Book: "Pentaho Kettle Solutions", Matt Casters, Roland Bouman, & Jos van Dongen, Wiley 2010 Book: "Pentaho Solutions", Roland Bouman & Jos van Dongen, Wiley 2009

Wednesday, October 18, 2006

Refactoring: Derived table, UNION...WTF?

I greatly admire the works of the Dutch literary author Gerard Reve (1923 - 2006). On many occasions, he was asked whether his stories were real-life stories, and he always answered like this:

If you mean "did this sequence of events factually take place?" then I can be brief: No. And that's a good thing too, because if a writer would describe reality, the result would be very hard to believe, if not completely inconceivable. The course taken by real life is just too crazy. A true description is bound to be seem like a constructed mannerism and no reader can be expected to believe even one word of it.
However, as far as the single events are concerned, I exclusively use only those things bourne from reality.

If you ever read The Daily WTF you will probably agree that this point of view makes a lot of sense. Each time a really crazy or insensible piece of code pops up on the Daily's there are always people commenting, saying something like:

No...this just cannot be true. I refuse to believe that software developers from large professional organisations can deliver this kind of crap..and get away with it.

Well, the odds are that indeed the pieces of code that appear there should not be taken too literally. I mean, for one thing, the code appears with indentation, and sometimes even with comments: no way this is real code. Real Code is Worse than what you'll ever find on The Daily WTF.

My take on WTF


The reason I'm choosing this topic because I was recently asked to take a look at a database query which was giving "...trouble...". Usually this means: "...not performing as fast as we'd like...".

In this case, the people having trouble were actually consultants from a professional IT service provider. They were trying to migrate some enterprise application from a big, operational Oracle database to MySQL 5.0 Server. Their efforts were all experimental, and so ar, they were quite enthusiastic about MySQL. However, there were two troublesome queries performancewise. (I will discuss only one - the other one is also a story on it's own.)

They found that in this particular case, Oracle took 30ms whereas MySQL took a little over one minute. Of course this is a huge difference, and I was immediately challenged.

The query I got was somewhat like this:

select *
from (
select film_id
, title
, release_year
, 'PG'
from film
where rating in ('PG','PG-13')
union
select film_id
, title
, release_year
, 'R'
from film
where rating in ('R','NC-17')
union
select film_id
, title
, release_year
, rating
from film
where rating not in ('PG','PG-13','R','NC-17')
) film
where release_year > 2005
and release_year <= 2006

Well, of course, their enterprise application was not built on the sakila sample database: I stylized the original query to make it tangible. But don't let that distract you - just look.

Now I'm not saying that I'm not guilty of writing bad code.

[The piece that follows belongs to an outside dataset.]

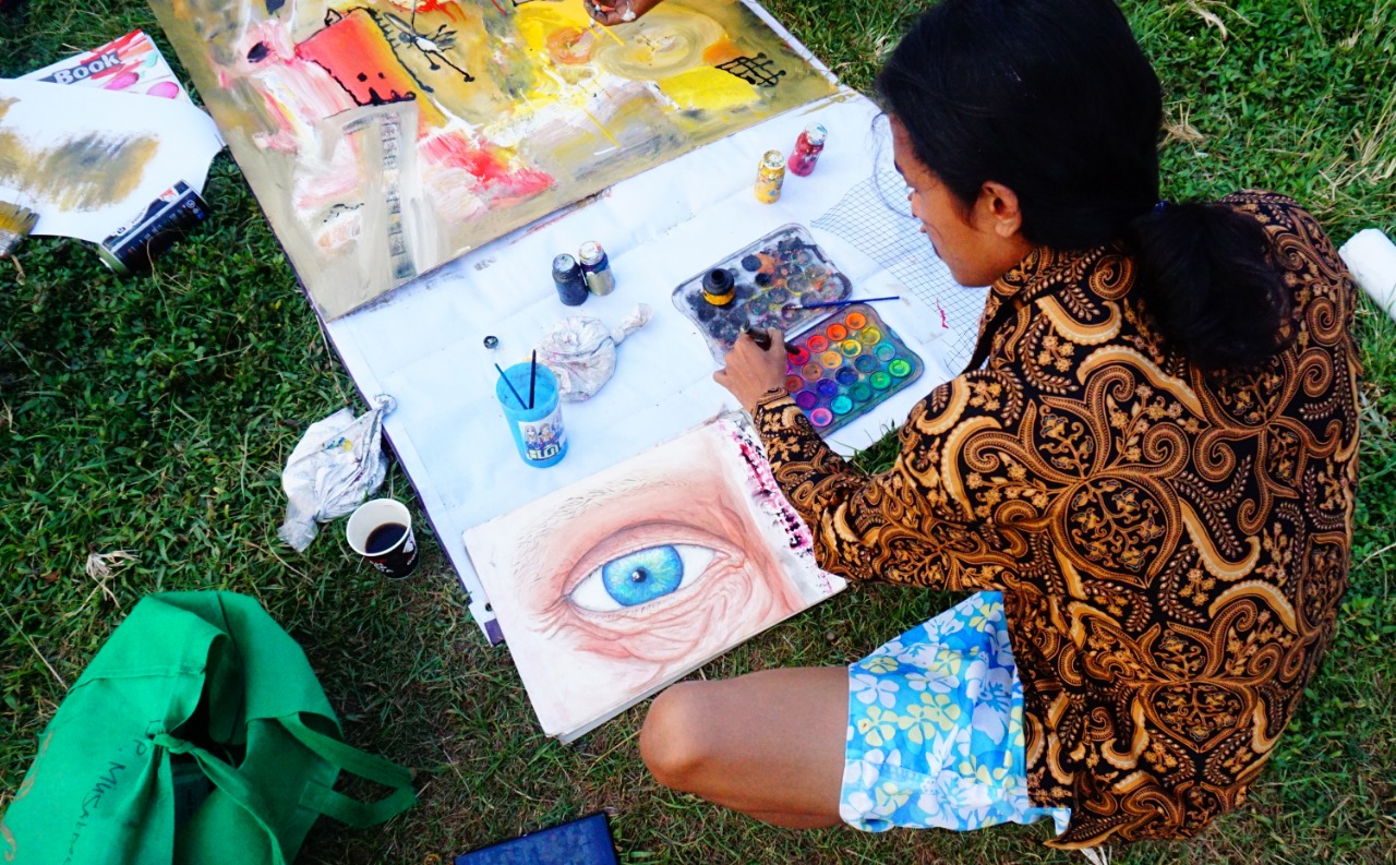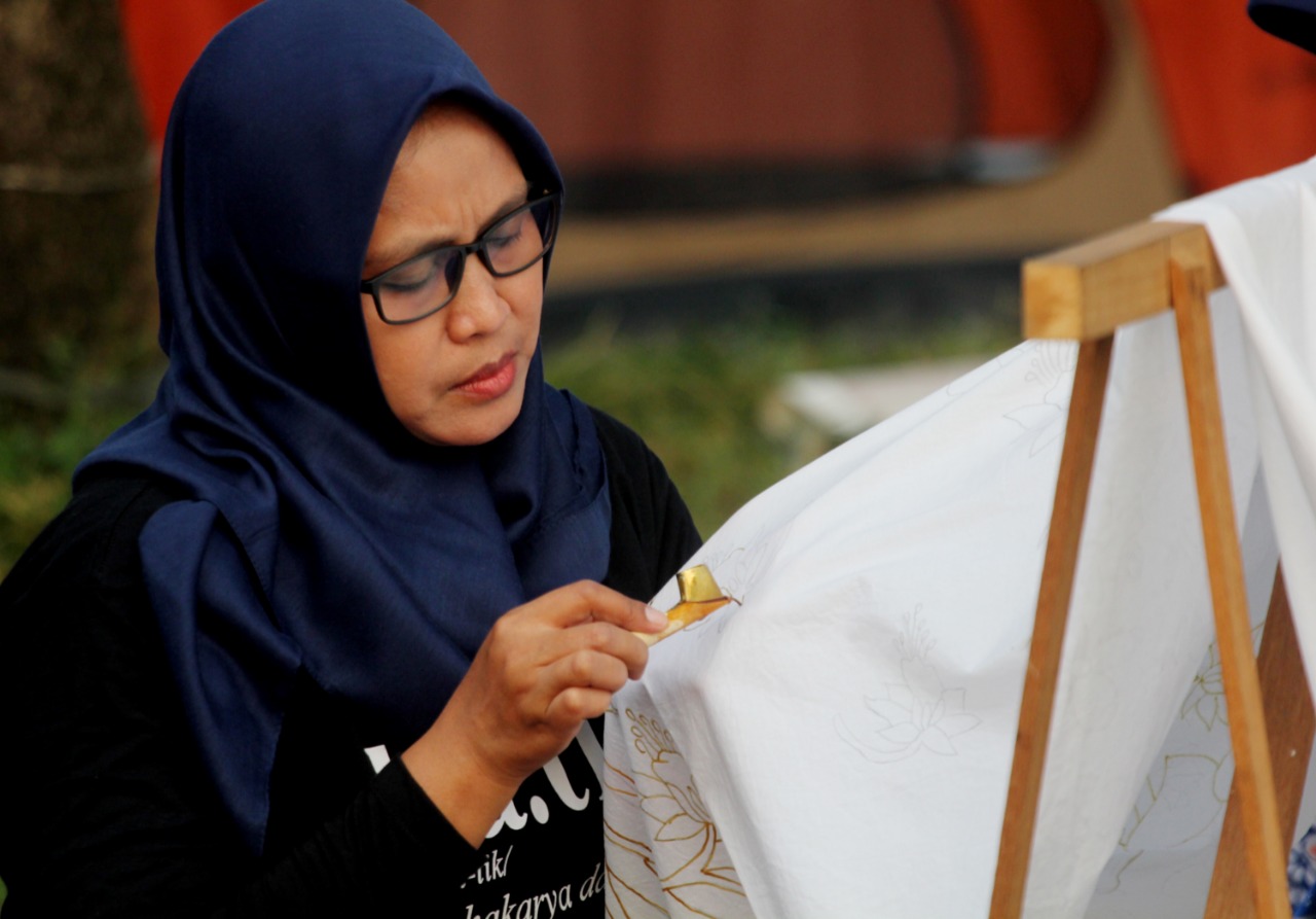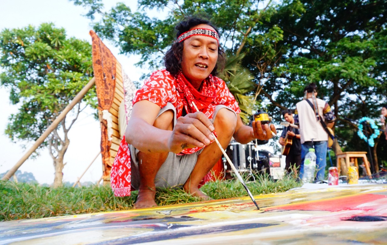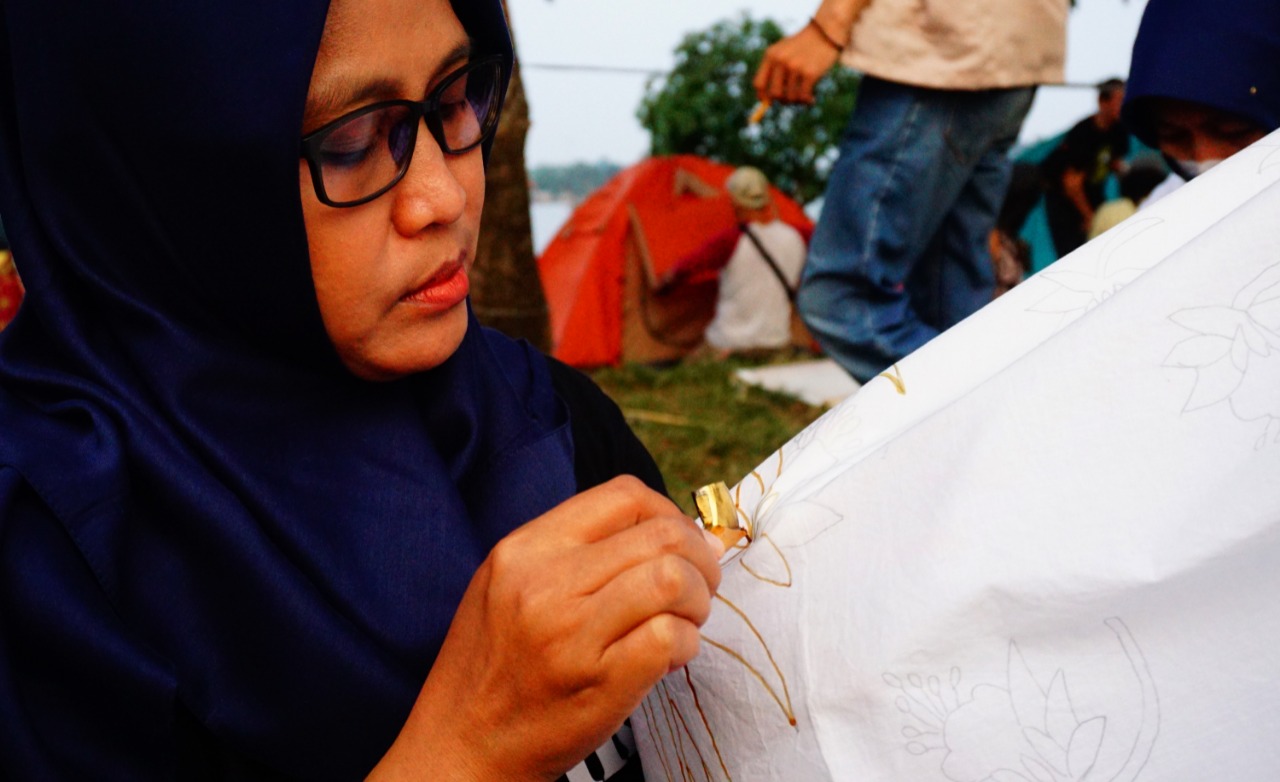 Jelang hari batik nasional sekelompok anak muda memperingati hari batik dengan menggelar acara Art Saloka di Camping Ground Situ Cipondoh Kota Tangerang, dalam acara tersebut sanggar batik kembang mayang yang berada di Kecamatan Larangan menjadi narasumber dan sekaligus mempraktekan cara membatik dengan canting (Batik Tulis), selain itu acara tersebut juga menggelar musik dari beberapa grup band baik dari Kota Tangerang maupun luar kota, terlihat Edibonetsky sedang membuat mural di acara tersebut. Sabtu (2/10/21). Banten Aktual/Dennys

I mean, we all started somewhere, that is: from nothing. We all had to learn, and alas, in a lot of cases, you can only learn by making mistakes. However, things like the Daily WTF should be valuable eye-openers for developers and software engineers to always remain focussed on monitoring the quality of code. Even, or especially if it's their own.

So, instead of taking the chuckly attitude of laughing at someone else's apparent WTF, I'll try and do a step by step refactoring of this query. This will probably not be interesting for advanced users, and they can still have their laugh. If you can't appreciate the WTF-edness, keep reading: this article is for you.

A Simple Query


What we see here is essentially a simple query. A subselect appears in the FROM-clause: this is sometimes referred to as a derived table or an inline-view. If we forget the complexity of the subquery for a while and pretend that it actually is a real view, we can see easily that it really is simple:

select ...
from (/*complexity goes here*/) film
where ...

So, no JOIN, no GROUP BY, and not correlelated subselects. Normally, this query should be quite fast, right? So why is it so slow now?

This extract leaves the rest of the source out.